Some builders will soon be able to pay Southold Town a fee rather than replace trees removed during construction.
Money collected from the fee is planned to go into the town’s tree committee “exclusively for the planting of new street trees and/or the replacement of damaged or removed trees on town property,” according to the new law approved at Tuesday’s Town Board meeting.
Theoretically, those trees would be placed in more appropriate areas of town determined by the tree committee.
The fee costs between $350 and $750 per tree and is based on the tree’s size. The fees would have to be paid prior to any subdivision or site plan approval by the town Planning Board, which supports the new law.
Under the new law, builders can request to pay the fee, but the decision of whether or not a developer qualifies is up to the Planning Board.
During a work session meeting Tuesday morning, Councilman Jim Dinizio said he opposes the new law because it gives additional power to the Planning Board. He said he would prefer a clear delineation of when the fee can be used instead of leaving the decision up to the Planning Board on a case-by-case basis.

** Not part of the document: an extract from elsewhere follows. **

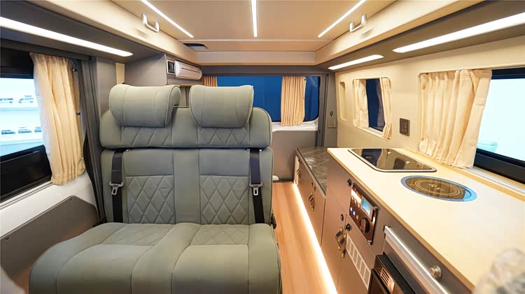 生活区的设计同样别具匠心。搏创福顺升顶露营车提供了2+2的座椅布局,可根据实际需求灵活调整。电动升降软平升顶带升顶双人床的设计,为露营者提供了宽敞的休息空间。二排多功能翻折座椅可拼成横纵床,进一步提升了车内空间的利用率。此外,车内还配备了隐私窗帘、床垫等,为露营者打造了一个私密的休憩环境。

“Either it is, or it isn’t,” he said at the work session. “And letting the Planning Board have somebody opt out by writing a check to the tree committee? I have a problem with that.”
On Tuesday night, Mr. Dinizio cast the lone dissenting against the tree fund law. He said that while he believes the current Planning Board may not overuse the additional discretion, he’s worried that future boards could abuse the new rule.
“You don’t know one Planning Board to the next,” he said. “I think it just grants them too much discretion.”
The councilman had said nearly the same thing last week when he voted against a law that would give the Zoning Board of Appeals’ zoning variances an expiration date. Mr. Dinizio has argued that he believes the provision gave future zoning boards too much power.
Councilwoman Jill Doherty said the new tree fund law would affect current cases before the Planning Board, should applicants now seeking the board’s approval wish to pay the fine instead of replanting trees.
The law is expected to go into effect by next month once it receives state approval.